◆ Data provided

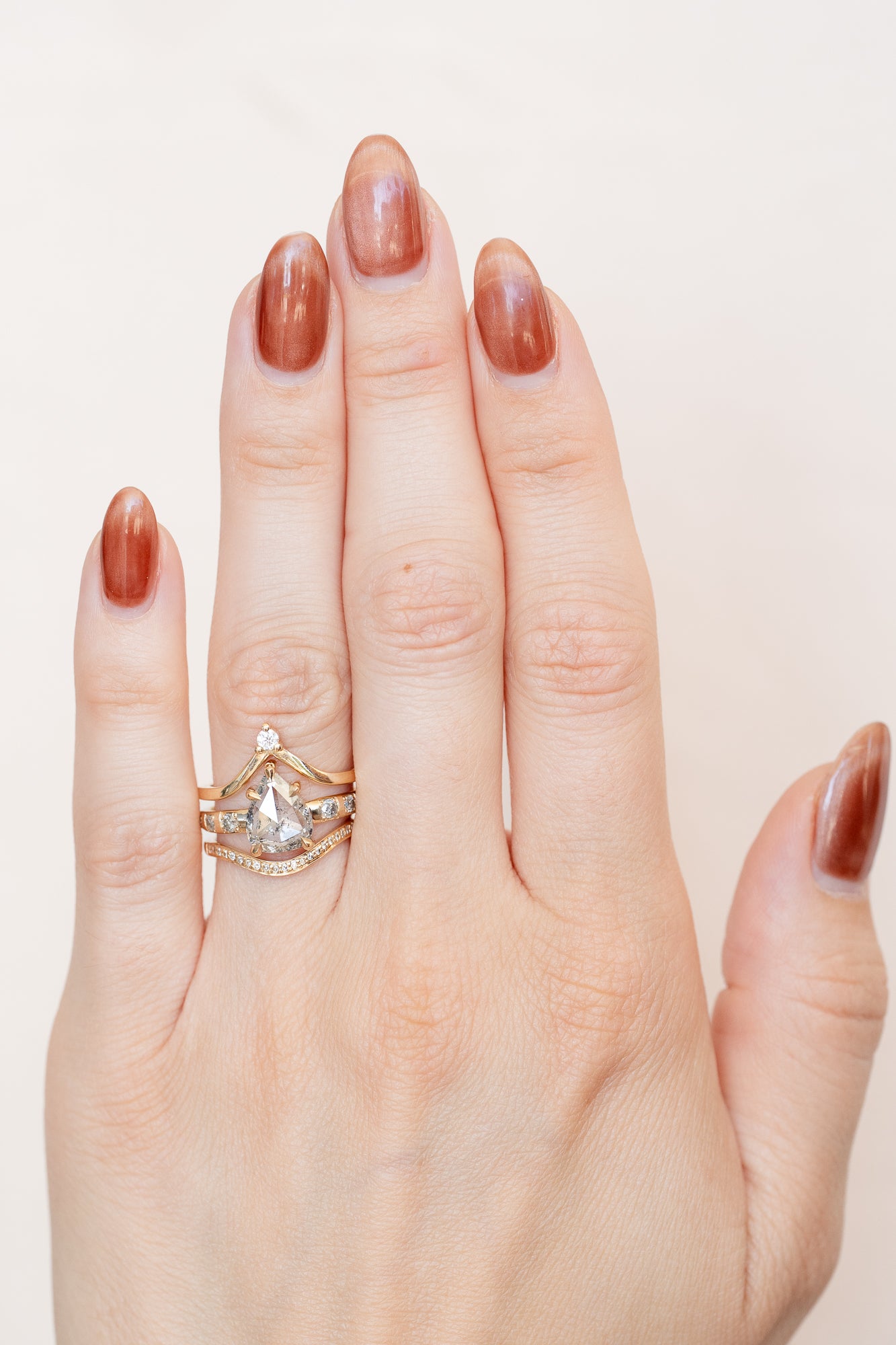 This Stella Ring features a lovely one of a kind, rose-cut Salt and Pepper diamond with pavé diamonds tapering along either side. A rose-cut stone is covered with small triangular facets across its entire top and is flat on the bottom allowing for a super low profile setting. Its faceting is meant to look like the swirling petals of a rose.
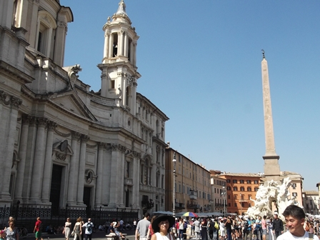 Kint a téren a padon ittam ki, aztán végigcsalinkáztam a nagy téren, megpróbáltam nézegetni a Folyamok kútját… de nem lehet elmélyedni, mert az ember mindig útban van valakinek, aki fényképezne… Megpróbáltam lefényképezni, de az ember mindig útban van valakinek, aki fényképezne…
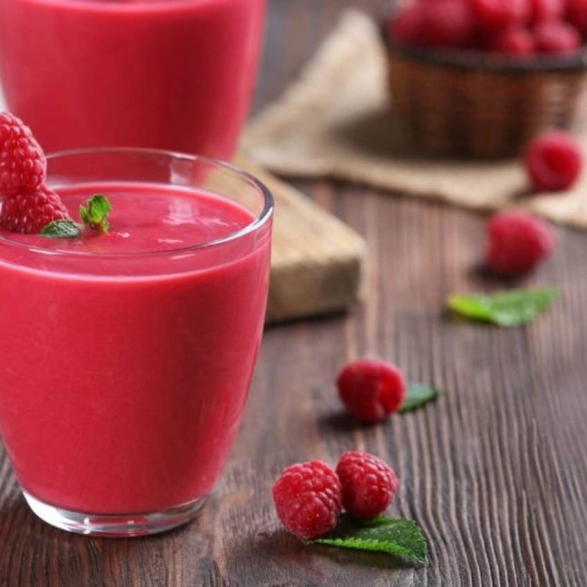 Nosso delicioso milkshake de framboesa é feito com sorvete de creme e uma saborosa calda de framboesa natural.
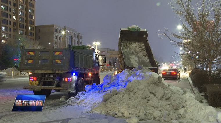 我們利用夜間車流少的有利時間段,出動大型除雪車、推雪鏟50余臺,500余名環衛工人,對城區各條街路進行清掃,清掃作業將持續24小時,確保道路暢通、市民出行安全。
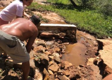 Moradores de povoado em Piripiri (PI) refazem passagem molhada com pneus para receberem os familiares
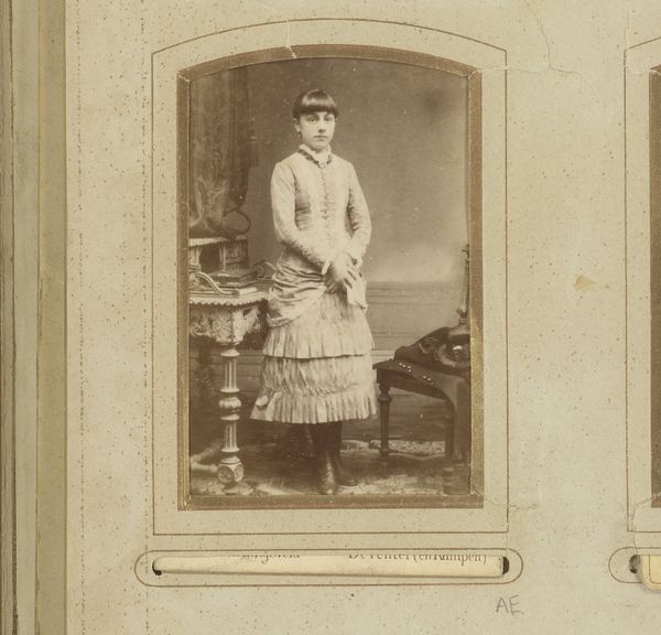 Curator: This is "Portret van een vrouw met hoed, staand bij een stoel," or "Portrait of a Woman with Hat, Standing by a Chair," attributed to Atélier Siewers, dating roughly from 1880 to 1920. It’s a photographic piece. Editor: It has a stark formality, doesn't it? A composition so studied and controlled, down to the precise tilt of her head. You sense the deliberate posing and the stillness demanded by the photographic process. Curator: Indeed. Considering its photographic origins, the tones are muted. The gradation creates depth and focus, particularly around her face, drawing the viewer’s attention. And the composition clearly segments foreground, middle ground, and background via carefully arranged layers. Editor: But I'm wondering about the hat—that incredible hat, with its feathery adornments. Think about the labor, the materials: feathers meticulously arranged, the fabric expertly shaped. The societal expectation, too. Curator: A striking detail that certainly adds texture. Let us analyze further: the sharp lines of her dress create angular shapes; however, her posture brings forth a fluidity that cuts through any tension. The photograph itself achieves its purpose; a successful capture of a modern, elegant lady of the period. Editor: The making of this photograph also relied on so much; the chemicals used for development, the particular glass plate negative—a complex and skilled industrial process helped her portray such an idealized view. The chair seems purposefully crafted too—what story would the joinery have to tell? Curator: You raise intriguing points, however this piece is about conveying an idea of grace. Let us consider the geometry. We must account for negative space: the figure interacts with her environs to show how her fashion and accessories coalesce. Editor: Certainly, a successful interplay to indicate her class. It does make you think, who was she, and what was the atelier like that took such a meticulous shot. I also wonder at the circumstances surrounding this captured moment; the historical labor that enables and confines it. Curator: Fascinating to consider how varying approaches offer different insights into such artwork. Editor: It certainly gives the past new weight!
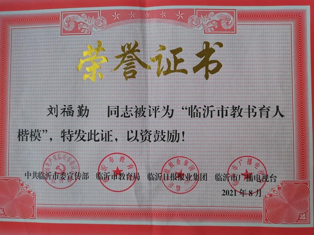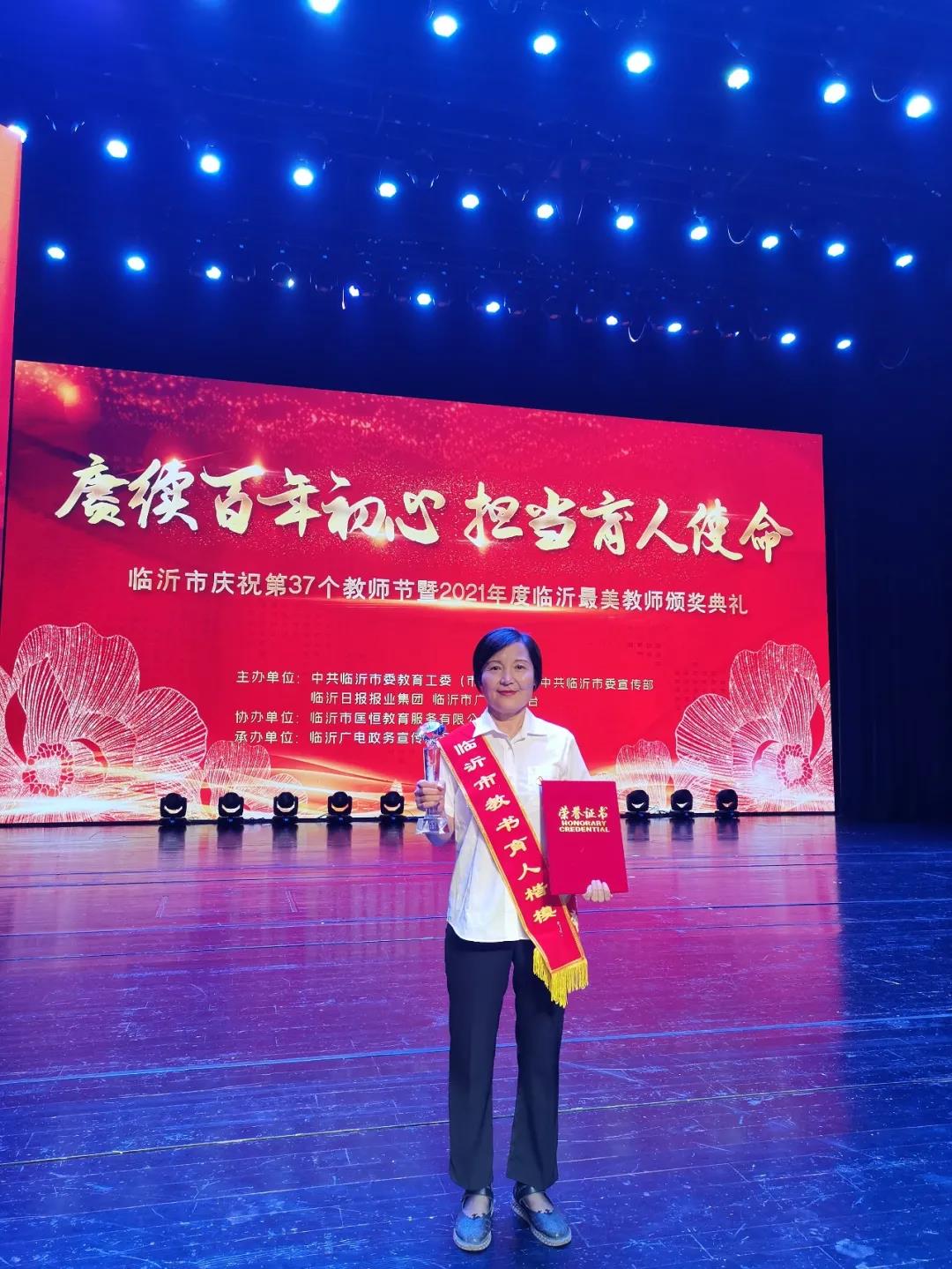 臨沂沂州實驗學(xué)校劉福勤老師被評為2021年度臨沂市教書育人楷模,市委教育工委常務(wù)副書記、市教育局黨組書記、局長陳海玲為其頒獎。
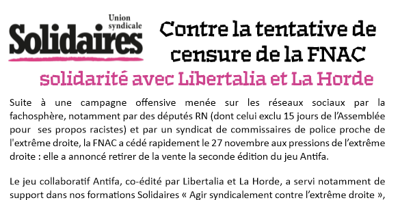 Le jeu collaboratif Antifa, co-édité par Libertalia et La Horde, a servi notamment de support dans nos formations Solidaires « Agir syndicalement contre l’extrême droite », et nous le revendiquons. Le jeu précise dans son préambule « Propos racistes, manifs homophobes, violences fascistes, ça suffit : contre l’extrême droite, à vous de jouer ! ».
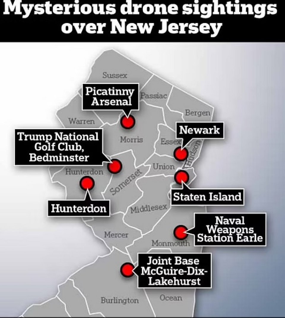 Τουλάχιστον από τις 18 Νοεμβρίου, οι αξιωματούχοι του Νιου Τζέρσεϊ και οι ομοσπονδιακοί ερευνητές έχουν ταλαιπωρηθεί από αναφορές για ανεξήγητα ιπτάμενα αντικείμενα -μερικά από τα οποία ήταν τόσο μεγάλα όσο τα αυτοκίνητα- που πραγματοποιούσαν παράξενες, μη προγραμματισμένες νυχτερινές πτήσεις πάνω από ευαίσθητες τοποθεσίες σε ολόκληρη την πολιτεία.

◆ Problem requirements
In the data above, retype only the stretch from the line with "Nosso delicioso milkshake" through the line with "Moradores de povoado", word for word, and skip any pictures.

◆ Your response
 Nosso delicioso milkshake de framboesa é feito com sorvete de creme e uma saborosa calda de framboesa natural.
 我們利用夜間車流少的有利時間段,出動大型除雪車、推雪鏟50余臺,500余名環衛工人,對城區各條街路進行清掃,清掃作業將持續24小時,確保道路暢通、市民出行安全。
 Moradores de povoado em Piripiri (PI) refazem passagem molhada com pneus para receberem os familiares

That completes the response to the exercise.